**Directions**
Please give back the listing exactly, without any of its pictures.

**Records for this exercise**
○ ○ ○

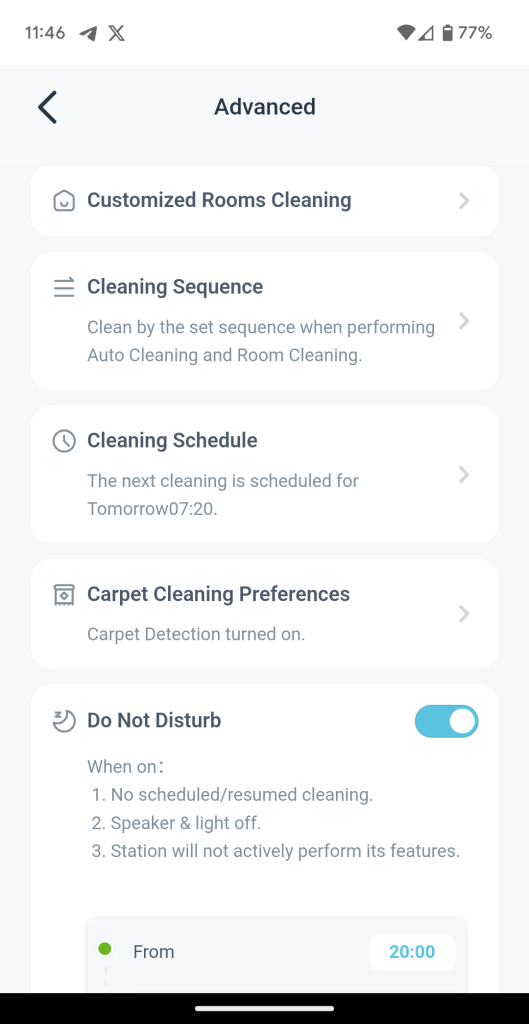 In the app controls are split between the robot and the station, with the former able to control the intensity of the mop and vacuum, set schedules, the order in which the robot cleans rooms in your home, and more, while the latter can let users manually clean or empty the robot and adjust the mop drying time and washing intervals – the robot will go back to the station every so often during a cleaning run to rinse the mop. I think many robot vacuum apps can be intimidating for users, but this one is reasonably simple and easy to use.
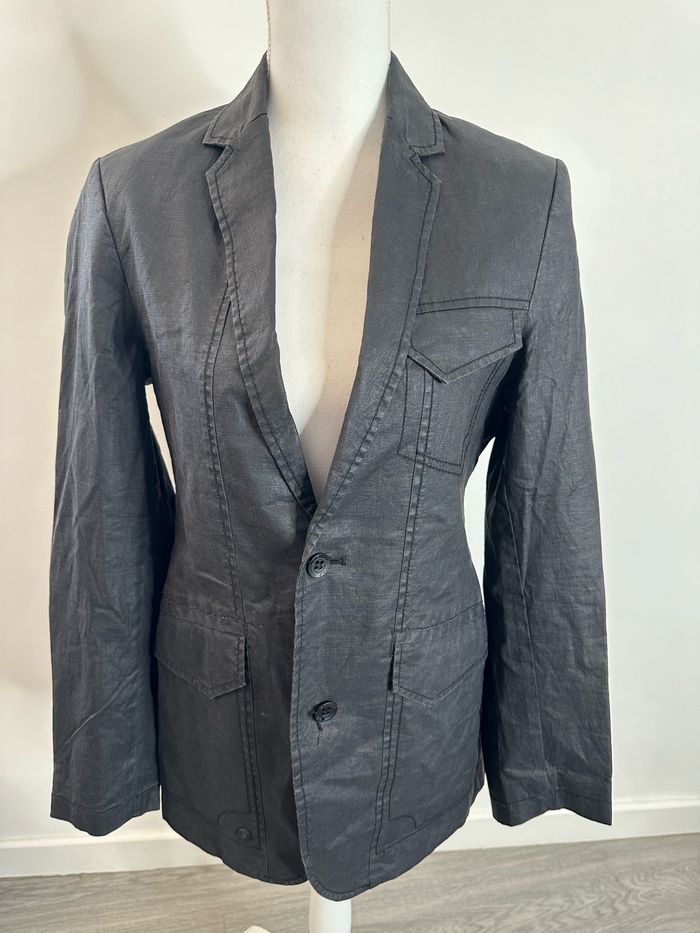 Blazer - Excellent état - Taille 36 équivalent S - Springfield Up - Doublure intérieure - Coupe oversize - Se ferme avec deux boutons - Épaulettes intégrées - Tissus huilé - Pas d’étiquette de matière Dimensions: - 40cm niveau épaules - 50cm niveau aisselles - 70cm de long
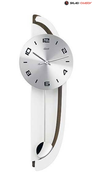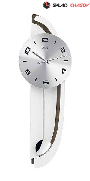 Кварцевый механизм не требующий подзавода.Современные настенные часы комбинированы деревом (Орех) и металлом.Стиль-Хай тек. Металлический циферблат с арабскими цифрами, чередующиеся с маркерами часа. Основные стрелки стальные. Центральная секундная стрелка отсутствует.Металлический дисковый маятник.
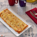 Enciende el horno a 220º C con calor arriba y abajo. Corta la masa de hojaldre por la mitad, longitudinalmente, para obtener dos bandas, prepara ambas igual. Extiende la lámina de hojaldre sobre papel vegetal, pínchala con un tenedor para que no suba durante el horneado, pero sin llegar a los bordes, y colócala en la bandeja del horno.
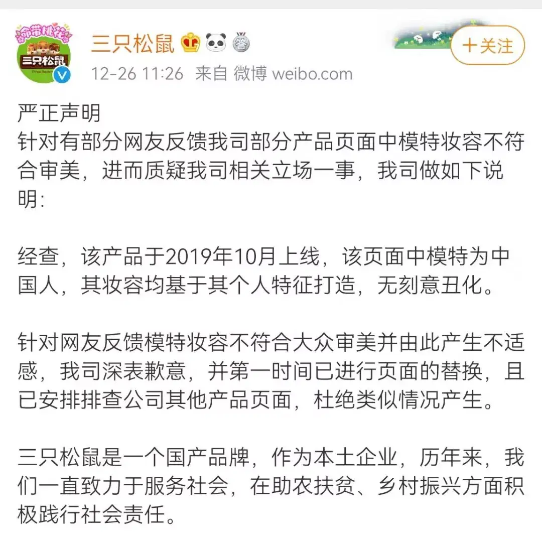 当日上午,三只松鼠通过其官方微博发表声明,称针对网友反馈模特妆容不符合大众审美并由此产生的不适感,公司深表歉意,并在第一时间进行了页面替换,且已安排排查公司其他产品页面,拒绝类似情况再次发生。
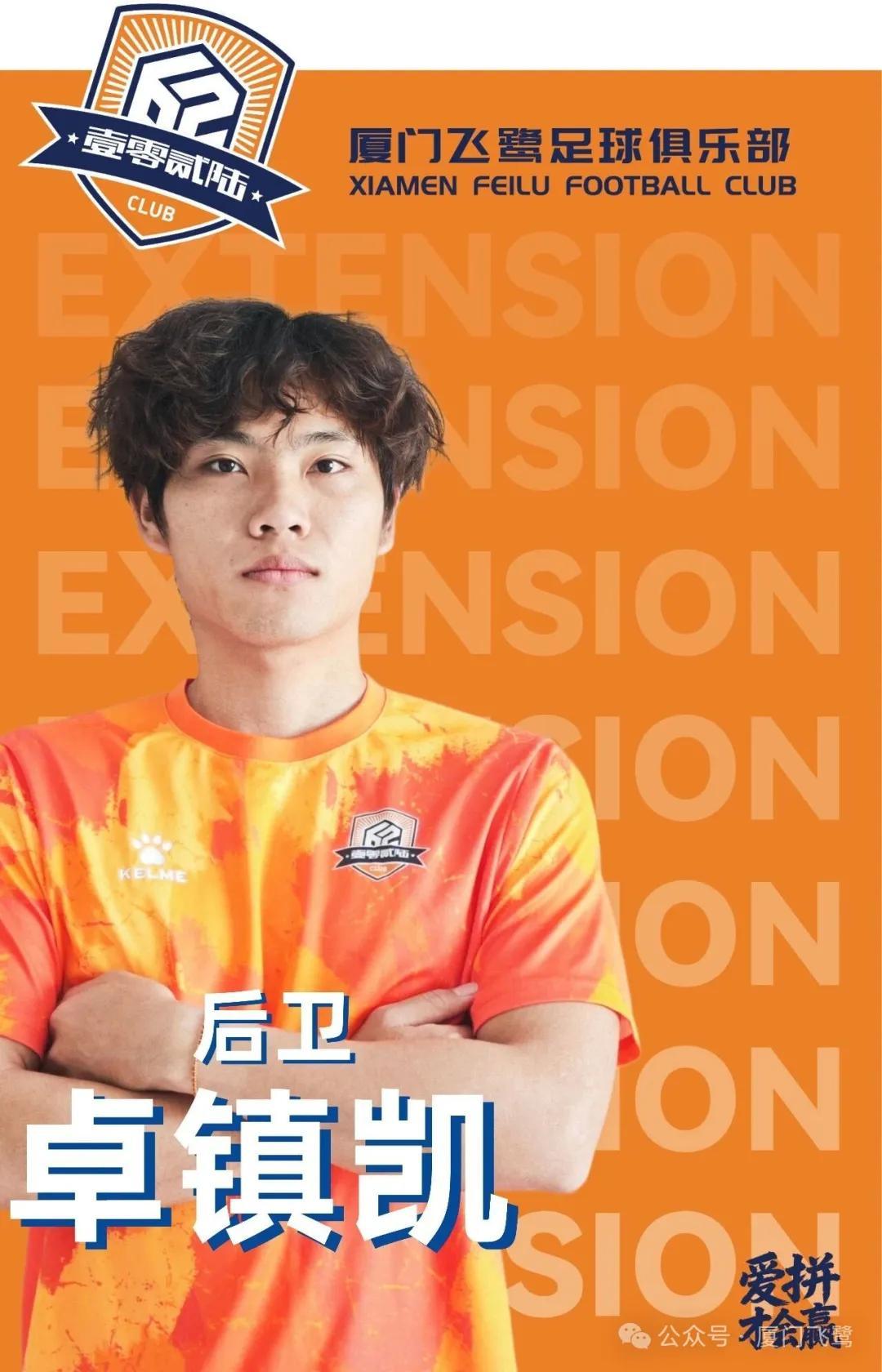 经俱乐部与卓镇凯友好协商,现正式宣布,卓镇凯将在2026赛季继续为厦门飞鹭足球俱乐部效力,双方已签署续约协议。
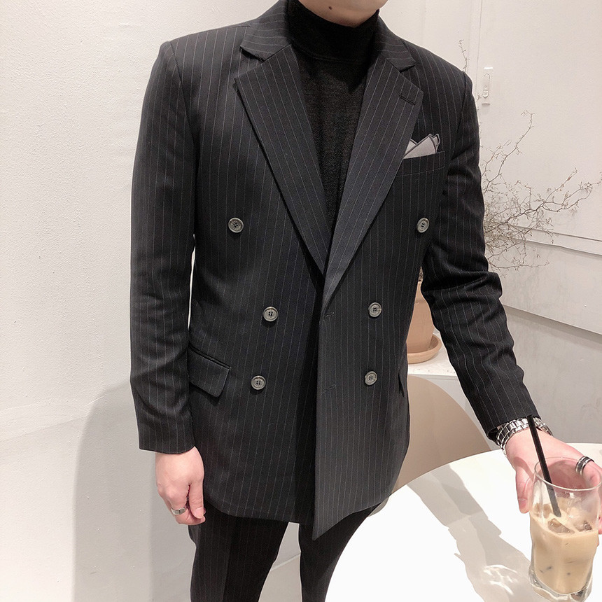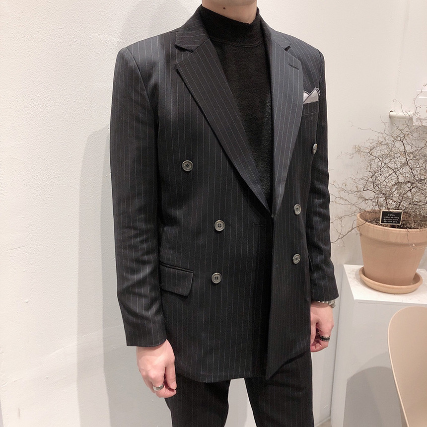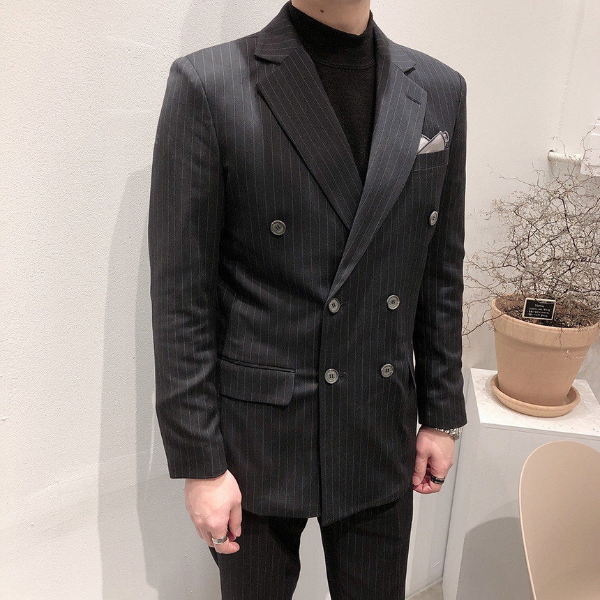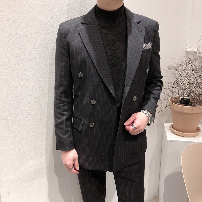 (spring) 슬림핏 스트라이프 블랙 더블정장 [75012]
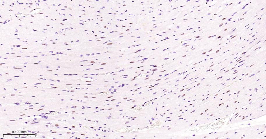 Paraformaldehyde-fixed, paraffin embedded Mouse Heart; Antigen retrieval by boiling in sodium citrate buffer (pH6.0) for 15 min; Antibody incubation with PCNA Monoclonal Antibody, Unconjugated(bsm-33035R) at 1:200 overnight at 4°C, followed by conjugation to the bs-0295G-HRP and DAB (C-0010) staining.
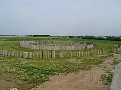 Die Lage der mittelneolithischen Kreisgrabenanlage in Rosenburg (Niederösterreich) ist an der Verfärbung des Ackerbodens erkennbarKreisgrabenanlage Kleinroetz, ÖsterreichKreisgrabenanlage von Künzing-Unternberg; Rekonstruktion im Museum Quintana
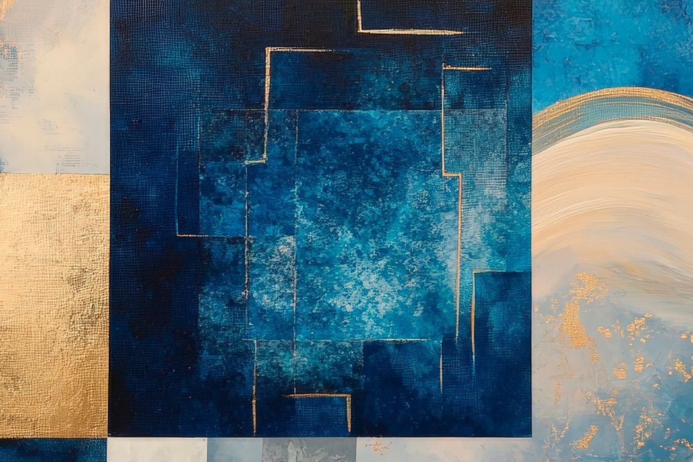 In sanften Blautönen und goldenen Akzenten entfaltet sich eine harmonische Komposition, die an sanfte Wellen und himmlische Weiten erinnert. Die dynamischen Formen laden zur Traumreise ein und bringen Ruhe in jeden Raum. Ideal für das Schlafzimmer, vermittelt dieses Kunstwerk ein Gefühl von Frieden und Entspannung, das die Atmosphäre perfekt ergänzt.
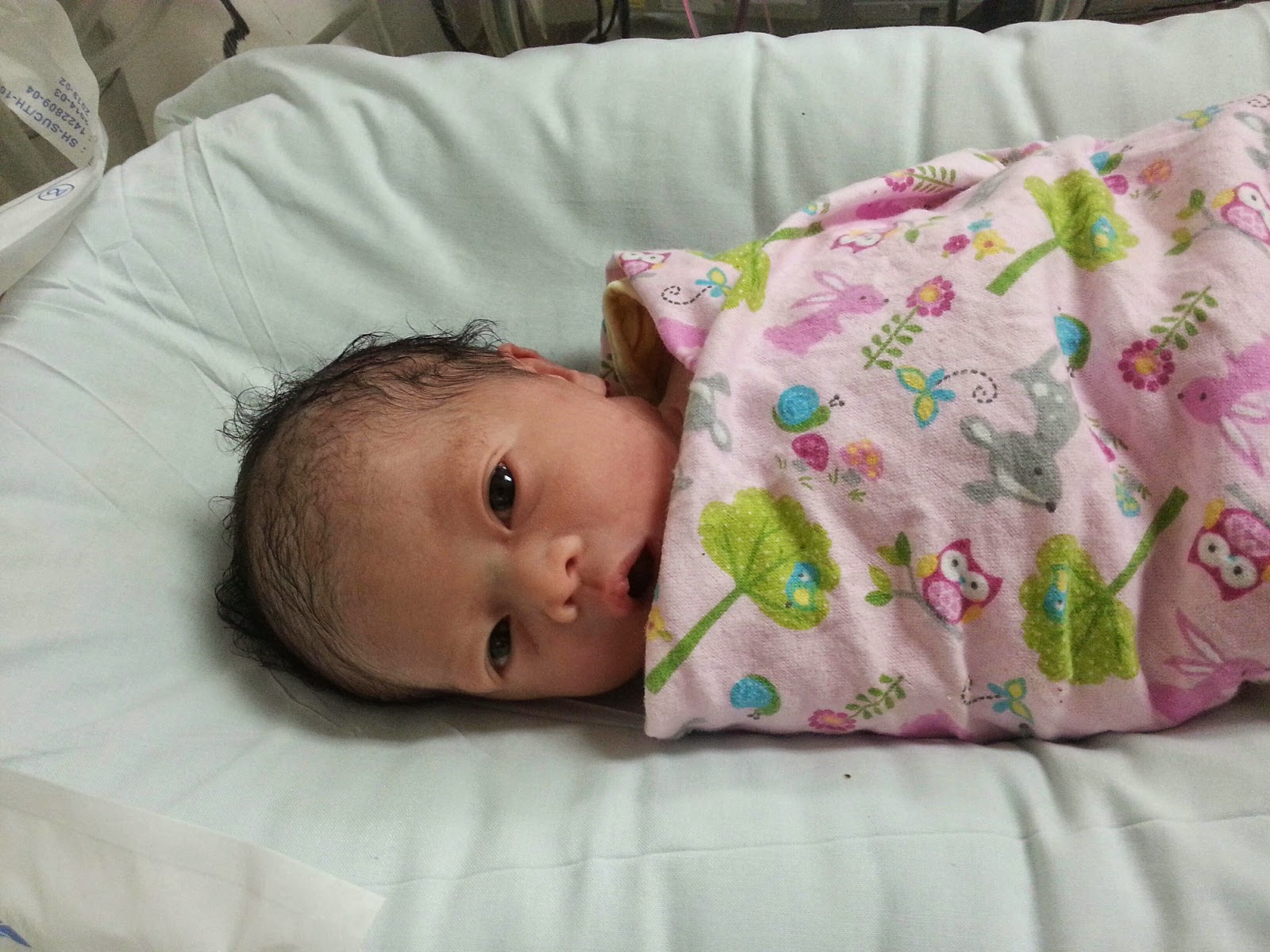 Maryam ketika beberapa minit dilahirkan ke dunia. Terus buka mata.
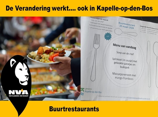 Het maandelijkse buurtrestaurant wil aan de inwoners van Kapelle-op-den-Bos de gelegenheid bieden om van een warme maaltijd te genieten aan een democratische prijs.
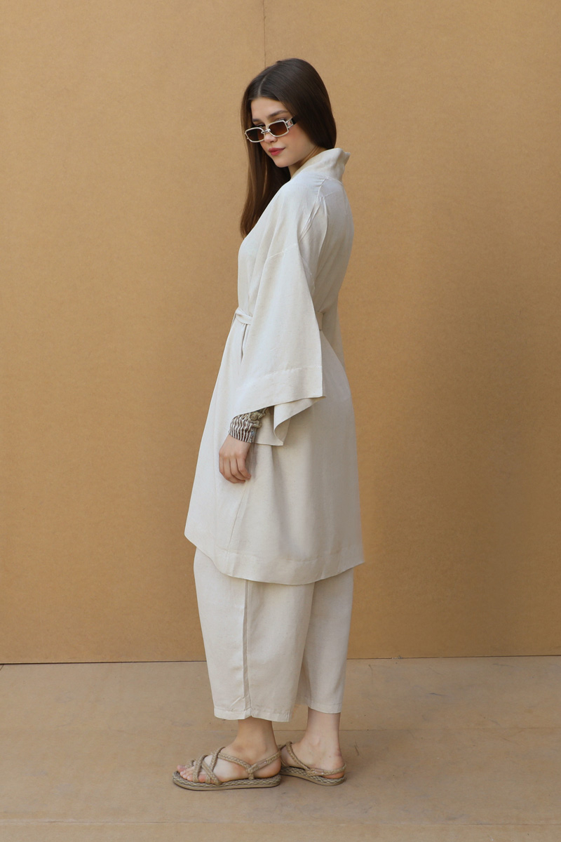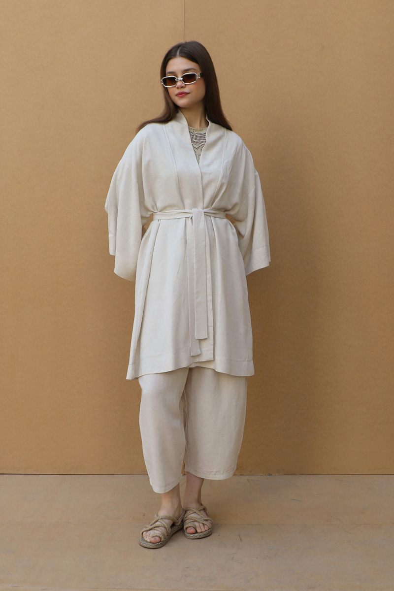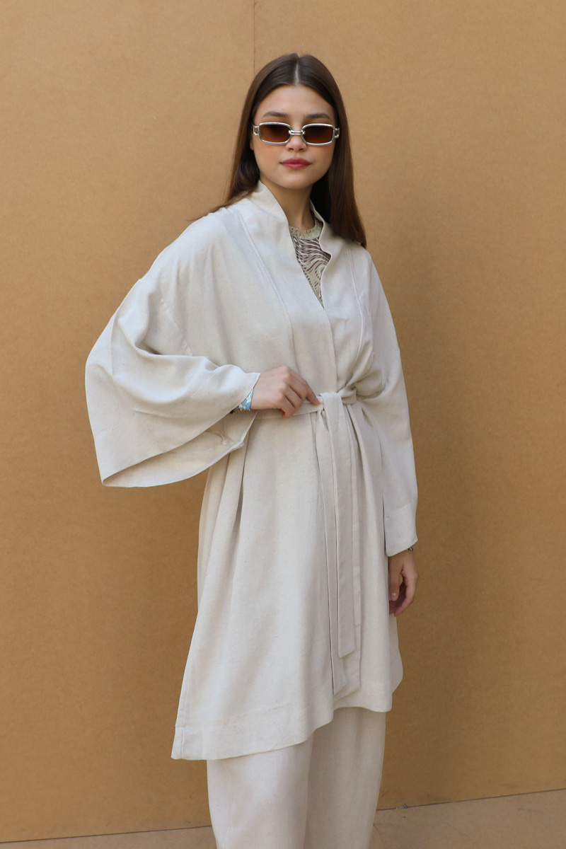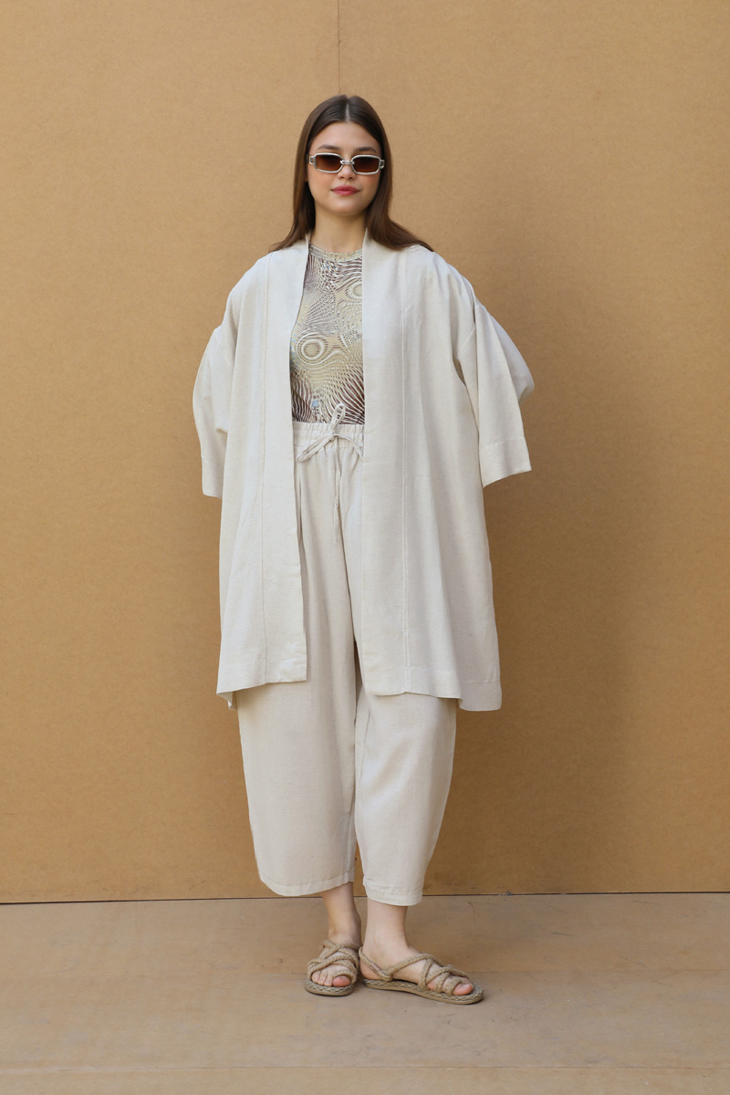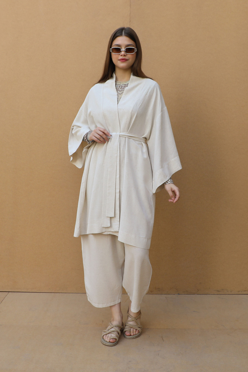 Oversıze Keten Takım Taş. Düşük omuzludur. Yarım yarasa kolludur. Kuşaklıdır. Pantolon beli lastiklidir, yandan ceplidir. Astarsızdır. Günlük ve özel günlerde kullanıma uygundur. KİMONO BEDENİ STANDARTTIR

○ ○ ○

**Output below**
 In the app controls are split between the robot and the station, with the former able to control the intensity of the mop and vacuum, set schedules, the order in which the robot cleans rooms in your home, and more, while the latter can let users manually clean or empty the robot and adjust the mop drying time and washing intervals – the robot will go back to the station every so often during a cleaning run to rinse the mop. I think many robot vacuum apps can be intimidating for users, but this one is reasonably simple and easy to use.
 Blazer - Excellent état - Taille 36 équivalent S - Springfield Up - Doublure intérieure - Coupe oversize - Se ferme avec deux boutons - Épaulettes intégrées - Tissus huilé - Pas d’étiquette de matière Dimensions: - 40cm niveau épaules - 50cm niveau aisselles - 70cm de long
 Кварцевый механизм не требующий подзавода.Современные настенные часы комбинированы деревом (Орех) и металлом.Стиль-Хай тек. Металлический циферблат с арабскими цифрами, чередующиеся с маркерами часа. Основные стрелки стальные. Центральная секундная стрелка отсутствует.Металлический дисковый маятник.
 Enciende el horno a 220º C con calor arriba y abajo. Corta la masa de hojaldre por la mitad, longitudinalmente, para obtener dos bandas, prepara ambas igual. Extiende la lámina de hojaldre sobre papel vegetal, pínchala con un tenedor para que no suba durante el horneado, pero sin llegar a los bordes, y colócala en la bandeja del horno.
 当日上午,三只松鼠通过其官方微博发表声明,称针对网友反馈模特妆容不符合大众审美并由此产生的不适感,公司深表歉意,并在第一时间进行了页面替换,且已安排排查公司其他产品页面,拒绝类似情况再次发生。
 经俱乐部与卓镇凯友好协商,现正式宣布,卓镇凯将在2026赛季继续为厦门飞鹭足球俱乐部效力,双方已签署续约协议。
 (spring) 슬림핏 스트라이프 블랙 더블정장 [75012]
 Paraformaldehyde-fixed, paraffin embedded Mouse Heart; Antigen retrieval by boiling in sodium citrate buffer (pH6.0) for 15 min; Antibody incubation with PCNA Monoclonal Antibody, Unconjugated(bsm-33035R) at 1:200 overnight at 4°C, followed by conjugation to the bs-0295G-HRP and DAB (C-0010) staining.
 Die Lage der mittelneolithischen Kreisgrabenanlage in Rosenburg (Niederösterreich) ist an der Verfärbung des Ackerbodens erkennbarKreisgrabenanlage Kleinroetz, ÖsterreichKreisgrabenanlage von Künzing-Unternberg; Rekonstruktion im Museum Quintana
 In sanften Blautönen und goldenen Akzenten entfaltet sich eine harmonische Komposition, die an sanfte Wellen und himmlische Weiten erinnert. Die dynamischen Formen laden zur Traumreise ein und bringen Ruhe in jeden Raum. Ideal für das Schlafzimmer, vermittelt dieses Kunstwerk ein Gefühl von Frieden und Entspannung, das die Atmosphäre perfekt ergänzt.
 Maryam ketika beberapa minit dilahirkan ke dunia. Terus buka mata.
 Het maandelijkse buurtrestaurant wil aan de inwoners van Kapelle-op-den-Bos de gelegenheid bieden om van een warme maaltijd te genieten aan een democratische prijs.
 Oversıze Keten Takım Taş. Düşük omuzludur. Yarım yarasa kolludur. Kuşaklıdır. Pantolon beli lastiklidir, yandan ceplidir. Astarsızdır. Günlük ve özel günlerde kullanıma uygundur. KİMONO BEDENİ STANDARTTIR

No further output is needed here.